━━━━━ THE DATA

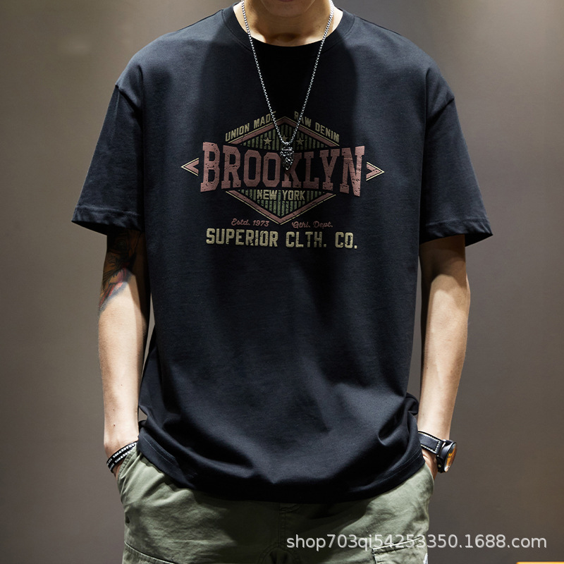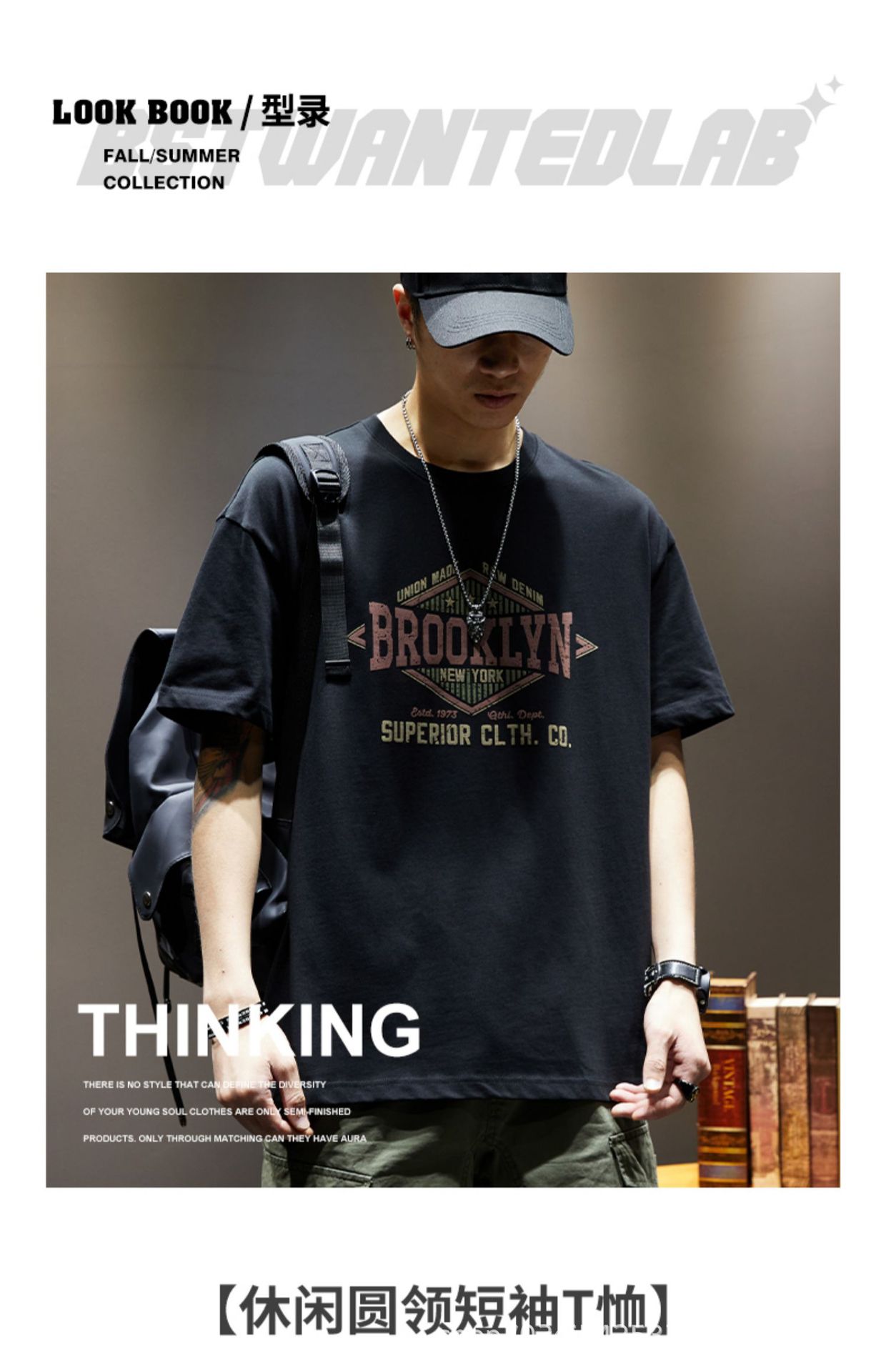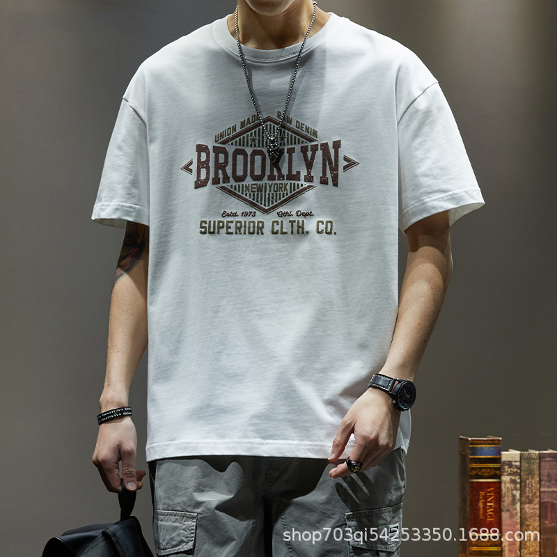 헤비 반팔 티셔츠 남성용 프린트 2024 년 여름 새로운 패션 트렌디 쿨 힙합 보이즈 루즈 탑 반소매 남성용 탑스토어 가기
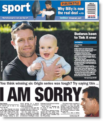 The Brisbane tabloid for its part thinks Mal had every right to be cranky, revealing that “some” have “urged Meninga to counter-attack by launching his own defamation action against cheap shots published in the Sydney press”. In fact, the Courier-Mail reported “explosively” that Meninga had in fact been pre-warned to expect the “Sydney newspaper low-blow!”.
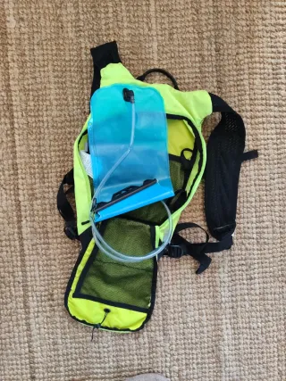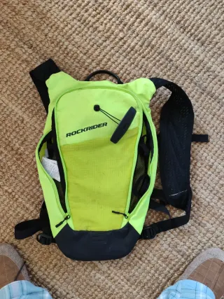 Mochila de hidratación Rockrider en color verde lima y negro. Perfecta para actividades al aire libre. - Diseño ligero y ergonómico. - Compartimento principal con cremallera. - Bolsillos laterales de malla. - Tirantes ajustables y acolchados.
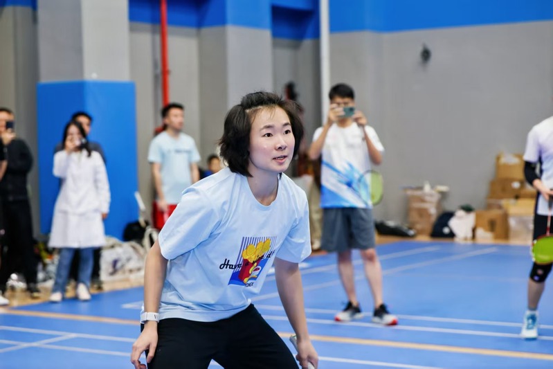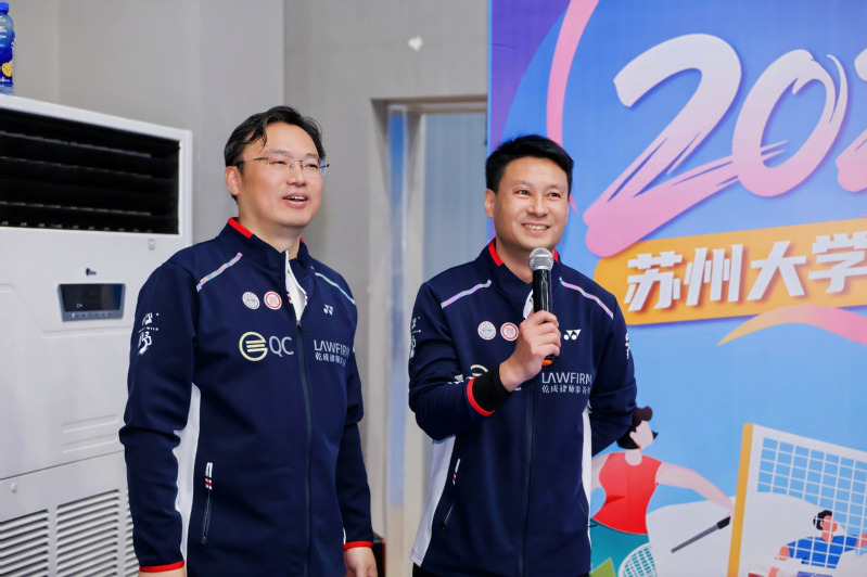 活动中,羽毛球世界冠军、苏大校友何冰娇惊喜亮相,为赛事送上诚挚祝福。她鼓励师生与校友“以运动强健体魄,以拼搏点亮征程”,将现场氛围推向高潮。苏州大学教职工羽毛球协会会长、教职工羽毛球冠军龚肖奕老师也一同参与,彰显了学校体育文化的深厚底蕴。
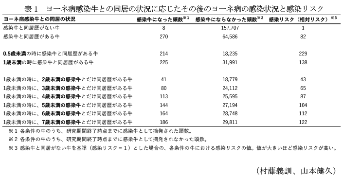 ヨーネ病感染牛との同居歴があると、ヨーネ病の感染リスクが82倍高くなる。同居時の年齢が1歳未満の場合や、同居する感染牛の年齢が高い場合、感染リスクがさらに高くなる。
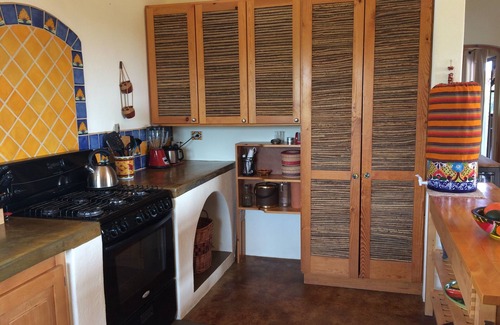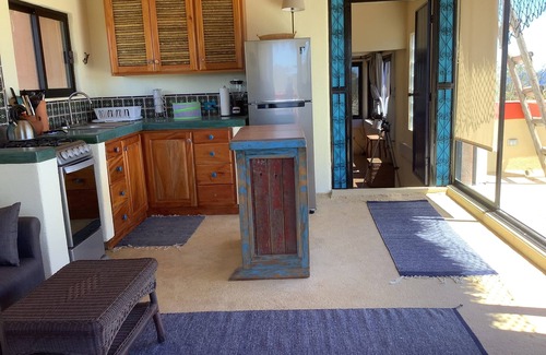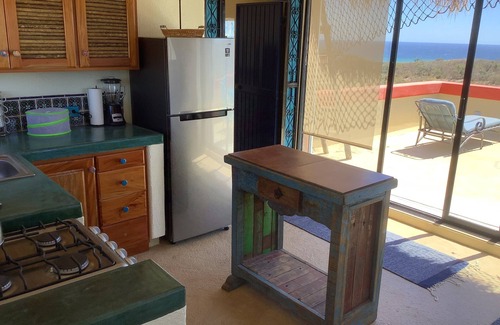 Casa Breezes (Brisas) is a self-catered and self-operated two bedroom house located in the breathtaking beauty of the East Cape of Baja. The main floor features a large living room, kitchen, bedroom, bathroom, and covered and uncovered decks. The large second bedroom is on the 2nd floor with its own small kitchen, sitting area, bathroom, and sun deck. So the house it’s ideal for two couples (each floor is not available separately, you get the whole house). The house is accessible by car in about 1 ½ hours from San Jose Del Cabo and the Cabo Airport. It is situated in a small enclave of Canadians and Americans in the secure community of Castillo de Arena on a hillside overlooking fantastic sand dunes and the Sea of Cortez. The beach is a 12 minute walk or 3 minute drive away. When we are there we swim most days just off the large sand dune. Pickle ball and bocce ball courts close by. The community is 8 km south of Los Frailes, the start of Cabo Pulmo national park and a wonderful snorkel spot where you can buy fish directly from the fishermen on the beach. We are 16 km south of the town of Cabo Pulmo, a world-famous coral reef diving site where tours are available and 1hr 20 min from the Los Barriles kite surfing area. The home is about 1,900 square feet; the first bedroom is on the main floor, and the second is upstairs accessed by outdoor stairs. Both bedrooms have queen beds. The house sleeps up to 5 with an air-bed available for the kids or extra guests. One or two well- behaved dogs are welcome. Both bathrooms have showers and there are laundry facilities on the main floor. There is free internet, a BBQ (grill), and fully equipped kitchens. In the living-room, watch your netflix or listen to your favorite music. There is a BBQ area, and several palm roof shaded patios to lounge, gather for meals, and enjoy the breathtaking view. We often see whales frolicking off-shore and colourful sunsets over the mountains. The community is off-the-grid and operates on solar energy and propane. You won’t tell the difference though, except that hair dryers and toasters are not permitted as they drain the solar energy batteries. Our caretaker (English speaking) lives nearby and is available during your stay. Unlike some vacation rentals, we spend several months a year here so the kitchens are really fully equipped and the house is clean and well maintained. We have a UV purifying system for the water as well as bottled water available. All dishes, cooking utensils, bedding, towels, paper products, and cleaning supplies are provided. You will need to bring your own food.

━━━━━━━━━━

Write back the stretch of lines above that begins with the line holding "Mochila de hidratación" and ends with the line holding "ヨーネ病感染牛との同居歴があ", both included, exactly as written. Pictures stay out.

TASK SOLUTION
 Mochila de hidratación Rockrider en color verde lima y negro. Perfecta para actividades al aire libre. - Diseño ligero y ergonómico. - Compartimento principal con cremallera. - Bolsillos laterales de malla. - Tirantes ajustables y acolchados.
 活动中,羽毛球世界冠军、苏大校友何冰娇惊喜亮相,为赛事送上诚挚祝福。她鼓励师生与校友“以运动强健体魄,以拼搏点亮征程”,将现场氛围推向高潮。苏州大学教职工羽毛球协会会长、教职工羽毛球冠军龚肖奕老师也一同参与,彰显了学校体育文化的深厚底蕴。
 ヨーネ病感染牛との同居歴があると、ヨーネ病の感染リスクが82倍高くなる。同居時の年齢が1歳未満の場合や、同居する感染牛の年齢が高い場合、感染リスクがさらに高くなる。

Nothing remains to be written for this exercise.